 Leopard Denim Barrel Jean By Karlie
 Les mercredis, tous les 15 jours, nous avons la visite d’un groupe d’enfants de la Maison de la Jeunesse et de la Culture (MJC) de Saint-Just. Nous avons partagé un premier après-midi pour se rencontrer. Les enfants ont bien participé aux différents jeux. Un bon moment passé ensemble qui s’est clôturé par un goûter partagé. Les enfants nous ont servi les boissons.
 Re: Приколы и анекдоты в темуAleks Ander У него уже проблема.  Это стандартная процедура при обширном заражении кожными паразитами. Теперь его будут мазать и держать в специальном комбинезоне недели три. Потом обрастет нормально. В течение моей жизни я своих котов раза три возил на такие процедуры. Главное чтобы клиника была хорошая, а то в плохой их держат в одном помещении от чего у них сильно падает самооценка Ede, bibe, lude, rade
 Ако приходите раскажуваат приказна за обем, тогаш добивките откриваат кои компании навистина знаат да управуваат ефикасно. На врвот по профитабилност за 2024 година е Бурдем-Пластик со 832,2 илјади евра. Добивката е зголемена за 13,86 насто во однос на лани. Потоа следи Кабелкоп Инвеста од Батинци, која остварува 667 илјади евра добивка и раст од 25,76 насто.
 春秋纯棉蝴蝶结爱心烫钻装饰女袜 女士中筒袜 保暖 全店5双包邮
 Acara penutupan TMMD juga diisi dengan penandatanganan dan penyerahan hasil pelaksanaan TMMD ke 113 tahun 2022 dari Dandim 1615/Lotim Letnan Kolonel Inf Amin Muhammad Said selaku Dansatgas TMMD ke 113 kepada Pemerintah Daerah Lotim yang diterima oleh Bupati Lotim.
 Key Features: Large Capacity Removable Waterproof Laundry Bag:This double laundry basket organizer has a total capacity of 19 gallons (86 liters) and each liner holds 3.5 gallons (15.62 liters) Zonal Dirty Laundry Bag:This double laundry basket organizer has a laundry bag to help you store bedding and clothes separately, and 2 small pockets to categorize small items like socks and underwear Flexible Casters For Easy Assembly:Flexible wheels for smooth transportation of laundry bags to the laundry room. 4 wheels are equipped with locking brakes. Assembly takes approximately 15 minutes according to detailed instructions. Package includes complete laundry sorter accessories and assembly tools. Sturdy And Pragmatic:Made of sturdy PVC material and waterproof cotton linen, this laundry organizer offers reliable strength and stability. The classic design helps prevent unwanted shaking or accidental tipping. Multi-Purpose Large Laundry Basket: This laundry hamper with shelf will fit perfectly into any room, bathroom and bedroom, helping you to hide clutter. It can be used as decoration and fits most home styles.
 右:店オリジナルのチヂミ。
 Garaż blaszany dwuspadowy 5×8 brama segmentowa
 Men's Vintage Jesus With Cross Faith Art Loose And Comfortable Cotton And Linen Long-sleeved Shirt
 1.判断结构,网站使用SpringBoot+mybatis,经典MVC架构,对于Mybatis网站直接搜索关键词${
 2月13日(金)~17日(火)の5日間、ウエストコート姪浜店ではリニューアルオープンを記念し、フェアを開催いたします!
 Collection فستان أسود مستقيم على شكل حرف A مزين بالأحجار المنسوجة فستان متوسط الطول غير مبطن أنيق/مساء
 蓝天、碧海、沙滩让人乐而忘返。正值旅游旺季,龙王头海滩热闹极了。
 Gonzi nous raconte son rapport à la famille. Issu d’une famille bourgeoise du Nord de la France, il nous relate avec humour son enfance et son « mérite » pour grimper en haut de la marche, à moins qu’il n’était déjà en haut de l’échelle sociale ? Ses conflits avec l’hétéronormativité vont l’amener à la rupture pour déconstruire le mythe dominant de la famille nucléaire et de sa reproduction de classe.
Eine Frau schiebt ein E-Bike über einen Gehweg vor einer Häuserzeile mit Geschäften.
━━━━
> [WHAT YOU NEED TO DO] Take the entries above and copy them out exactly.

> [ANSWER AREA]
 Leopard Denim Barrel Jean By Karlie
 Les mercredis, tous les 15 jours, nous avons la visite d’un groupe d’enfants de la Maison de la Jeunesse et de la Culture (MJC) de Saint-Just. Nous avons partagé un premier après-midi pour se rencontrer. Les enfants ont bien participé aux différents jeux. Un bon moment passé ensemble qui s’est clôturé par un goûter partagé. Les enfants nous ont servi les boissons.
 Re: Приколы и анекдоты в темуAleks Ander У него уже проблема.  Это стандартная процедура при обширном заражении кожными паразитами. Теперь его будут мазать и держать в специальном комбинезоне недели три. Потом обрастет нормально. В течение моей жизни я своих котов раза три возил на такие процедуры. Главное чтобы клиника была хорошая, а то в плохой их держат в одном помещении от чего у них сильно падает самооценка Ede, bibe, lude, rade
 Ако приходите раскажуваат приказна за обем, тогаш добивките откриваат кои компании навистина знаат да управуваат ефикасно. На врвот по профитабилност за 2024 година е Бурдем-Пластик со 832,2 илјади евра. Добивката е зголемена за 13,86 насто во однос на лани. Потоа следи Кабелкоп Инвеста од Батинци, која остварува 667 илјади евра добивка и раст од 25,76 насто.
 春秋纯棉蝴蝶结爱心烫钻装饰女袜 女士中筒袜 保暖 全店5双包邮
 Acara penutupan TMMD juga diisi dengan penandatanganan dan penyerahan hasil pelaksanaan TMMD ke 113 tahun 2022 dari Dandim 1615/Lotim Letnan Kolonel Inf Amin Muhammad Said selaku Dansatgas TMMD ke 113 kepada Pemerintah Daerah Lotim yang diterima oleh Bupati Lotim.
 Key Features: Large Capacity Removable Waterproof Laundry Bag:This double laundry basket organizer has a total capacity of 19 gallons (86 liters) and each liner holds 3.5 gallons (15.62 liters) Zonal Dirty Laundry Bag:This double laundry basket organizer has a laundry bag to help you store bedding and clothes separately, and 2 small pockets to categorize small items like socks and underwear Flexible Casters For Easy Assembly:Flexible wheels for smooth transportation of laundry bags to the laundry room. 4 wheels are equipped with locking brakes. Assembly takes approximately 15 minutes according to detailed instructions. Package includes complete laundry sorter accessories and assembly tools. Sturdy And Pragmatic:Made of sturdy PVC material and waterproof cotton linen, this laundry organizer offers reliable strength and stability. The classic design helps prevent unwanted shaking or accidental tipping. Multi-Purpose Large Laundry Basket: This laundry hamper with shelf will fit perfectly into any room, bathroom and bedroom, helping you to hide clutter. It can be used as decoration and fits most home styles.
 右:店オリジナルのチヂミ。
 Garaż blaszany dwuspadowy 5×8 brama segmentowa
 Men's Vintage Jesus With Cross Faith Art Loose And Comfortable Cotton And Linen Long-sleeved Shirt
 1.判断结构,网站使用SpringBoot+mybatis,经典MVC架构,对于Mybatis网站直接搜索关键词${
 2月13日(金)~17日(火)の5日間、ウエストコート姪浜店ではリニューアルオープンを記念し、フェアを開催いたします!
 Collection فستان أسود مستقيم على شكل حرف A مزين بالأحجار المنسوجة فستان متوسط الطول غير مبطن أنيق/مساء
 蓝天、碧海、沙滩让人乐而忘返。正值旅游旺季,龙王头海滩热闹极了。
 Gonzi nous raconte son rapport à la famille. Issu d’une famille bourgeoise du Nord de la France, il nous relate avec humour son enfance et son « mérite » pour grimper en haut de la marche, à moins qu’il n’était déjà en haut de l’échelle sociale ? Ses conflits avec l’hétéronormativité vont l’amener à la rupture pour déconstruire le mythe dominant de la famille nucléaire et de sa reproduction de classe.
Eine Frau schiebt ein E-Bike über einen Gehweg vor einer Häuserzeile mit Geschäften.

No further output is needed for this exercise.